In the race to be the next mayor of New York City, there’s one thing that definitely makes City Council Speaker Christine Quinn unique: Her grandmother survived the Titanic.
Though she’s been making the rounds telling the story this month, for many years, it was a secret.
Quinn, who is expected to run for mayor in 2013, today held an official ceremony commemorating the Titanic Centennial at Titanic Park at the South Street Seaport, which has a new exhibit called “Titanic at 100: Myth and Memory.”
“Clearly, the Titanic is a bit of a fascination for people,” she said. “I think in part people are interested so significantly in the story of the Titanic, because it’s such a human story. There was a ship that was supposed to be the greatest thing ever, unsinkable, the most wonderful luxury liner ever, and it went down…Within that, there’s all the different struggles of human sacrifice, people giving their lives for others.”

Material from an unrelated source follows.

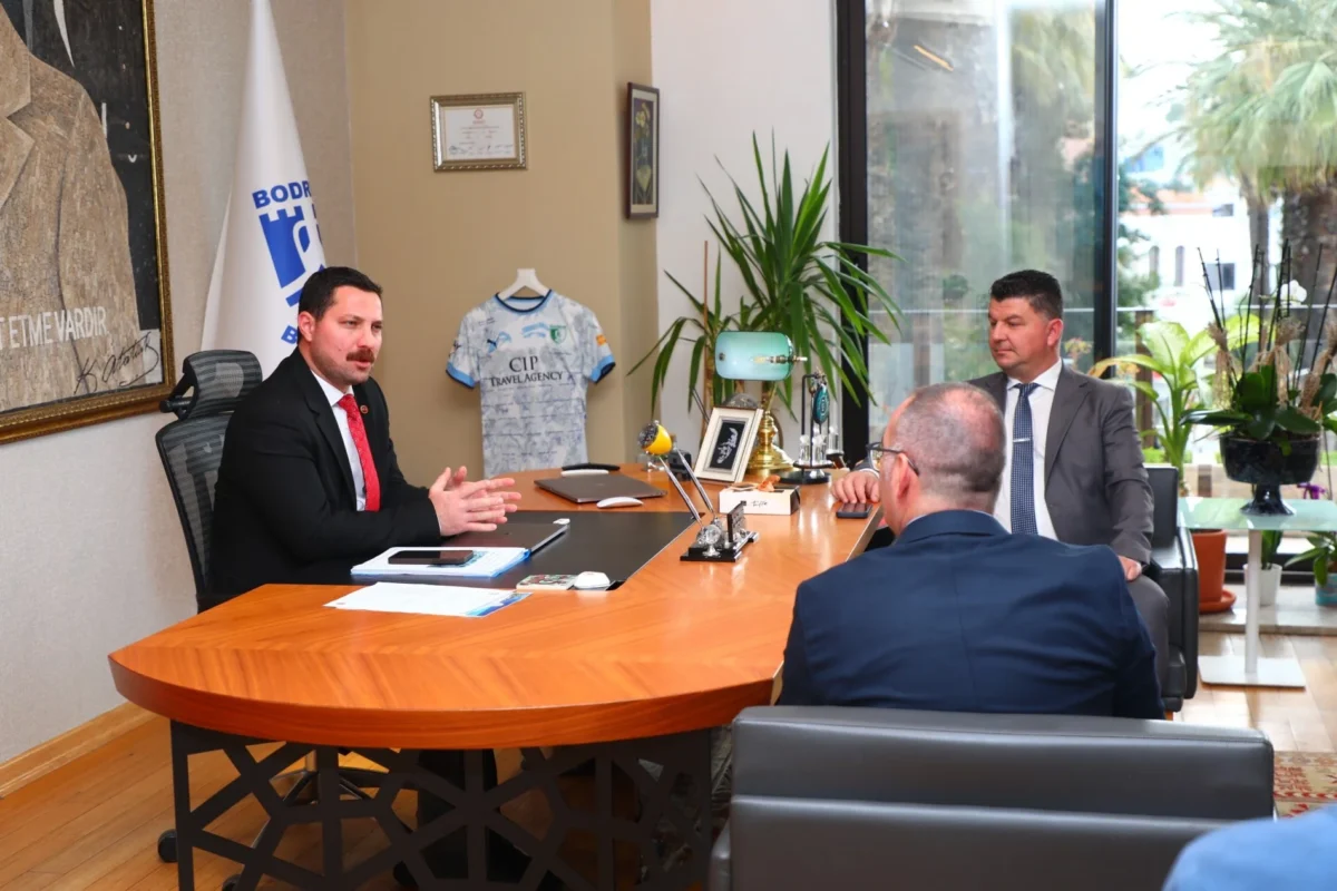 Στη συνέχεια, η αποστολή μετέβη στο Bodrum, όπου πραγματοποιήθηκε συνάντηση με τον Αντιδήμαρχο της πόλης και στελέχη της τοπικής αυτοδιοίκησης. Κατά τη διάρκεια της συνάντησης, αντηλλάγησαν αναμνηστικά δώρα ως ένδειξη αμοιβαίας εκτίμησης, ενώ συζητήθηκαν θέματα που αφορούν την τουριστική ανάπτυξη και την ενίσχυση των δεσμών μεταξύ του Bodrum και της Πάτμου.

Quinn, citing her grandmother — who came from Ireland and survived the disaster when she was a teenager — said that the Titanic is also an important story of immigration in America. (Yes, it really happened).
“There were people who were coming, many, many of them from Ireland like my grandmother, to the United States because they believed there was something better. They believed they could come to this country and do better for themselves. They could do better for their children…and that there was a life out there that would be freer and more prosperous,” Quinn said at the start of the news conference, later adding, “The story of the Titanic…that doesn’t get told enough is the story of immigrants…That’s the New York story.”

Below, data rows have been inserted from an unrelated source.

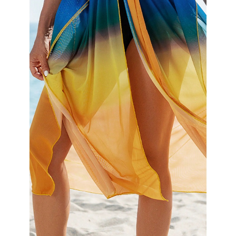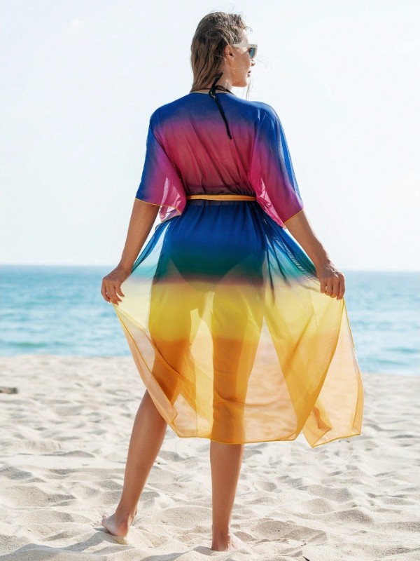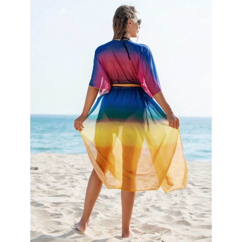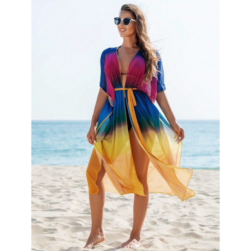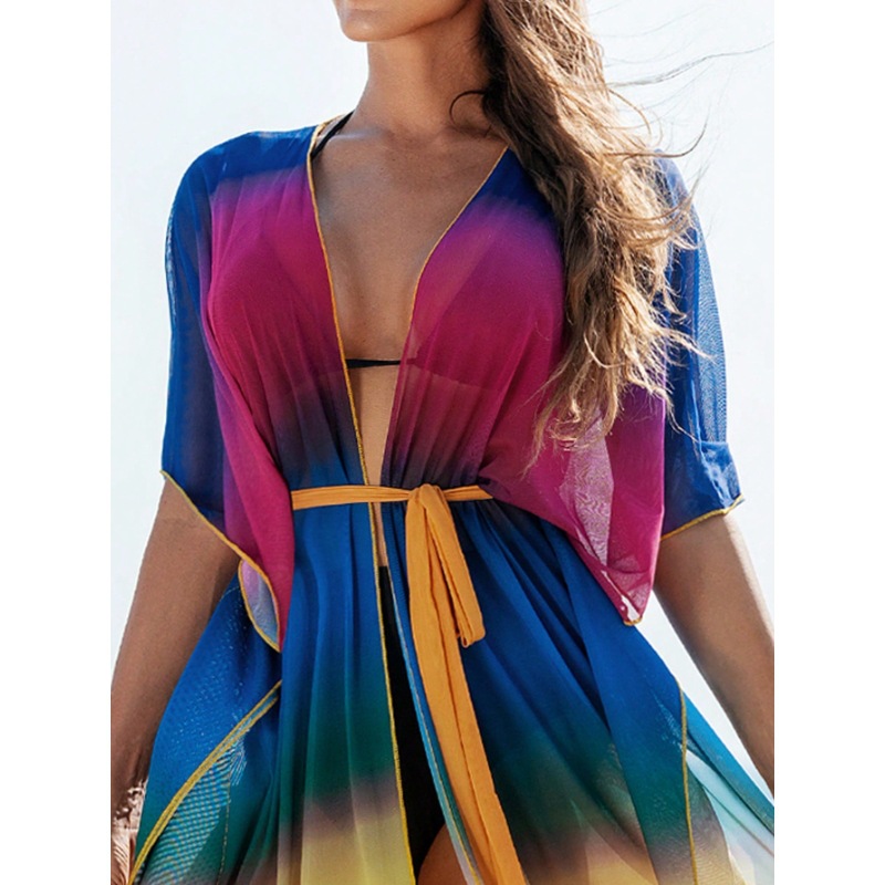 Шифоновый кардиган с радужным градиентом, повседневная пляжная накидка для отдыха, женская рубашка для защиты от солнца, накидка на купальник
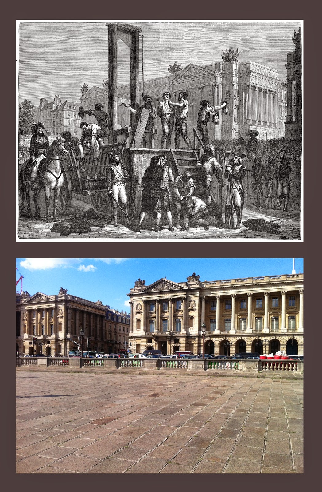 Et donc, suite logique, ce lundi 28 juillet ou 10 thermidor, c'était le 220ème anniversaire de l'exécution de l'Incorruptible et de ceux que la réaction a appelé ses "complices" sur la place de la Révolution, actuelle place de la Concorde. Je ne sais pas au mètre près où était dressé l'échafaud, mais c'était en gros entre le centre de la place et l'Hôtel de la Marine.
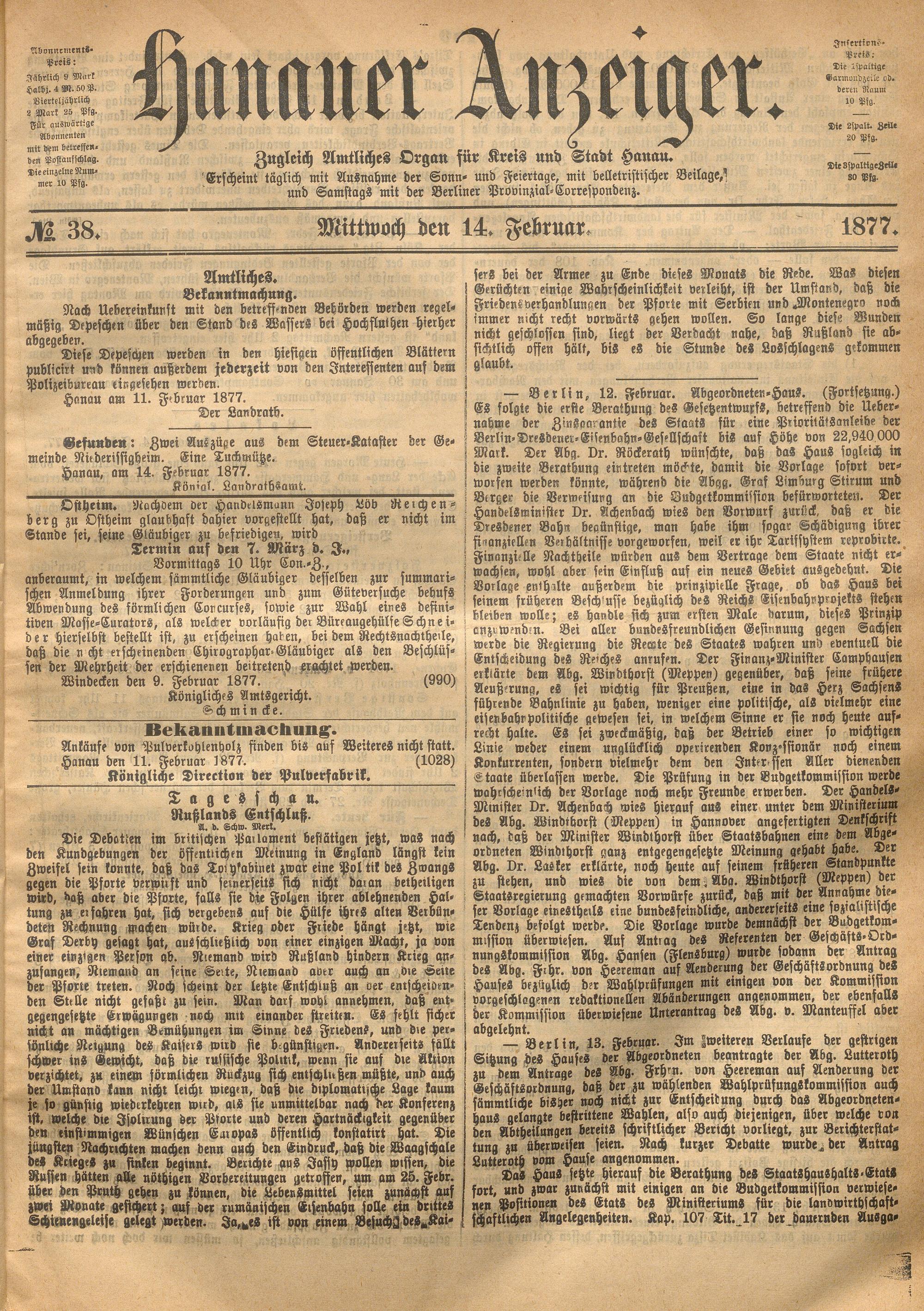 Hanauer Anzeiger. 1872-1941
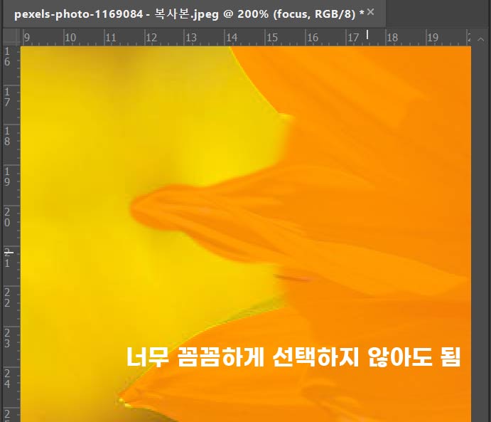 마그네틱선택툴로 꽃잎 모양을 비교적 정확하게

Quinn’s grandmother, Ellen Shine Callaghan, known back then as Nellie, was headed to America to meet up with her cousin when she boarded the ship.
“She never spoke of it,” Quinn said. “My mother only found out that her mother was on the Titanic because they taught her about the Titanic, and she came home and said, ‘Mom, you won’t believe it, there was a girl on the Titanic who survived who had your name.’ And my grandmother said, ‘No, Mary, that was me.’ That was 8th grade. It had never been mentioned…before that.”
Quinn, who was joined by her father at the press conference, said the family didn’t talk much about her grandmother’s experience.
“We were told as children…not to talk to my grandmother about the Titanic, because it was too upsetting, so…I talked to my grandmother about it,” she said, laughing.
Her grandmother was one of the few immigrant girls who made it out alive, Quinn said, noting that more first class men made it off the ship successfully than third class women.
The Council Speaker recalled this quote from her grandmother, which might expalin how she made it off alive: “When the other girls dropped to their knees to pray, I took a run for it.” Quinn remembered telling a priest this story, noting that her grandmother must have known that there was a time for praying and a time for running. The priest said to Quinn, she recalled, “‘Your grandmother knew you could pray while running’…That’s a thought for all of us to hopefully remember.”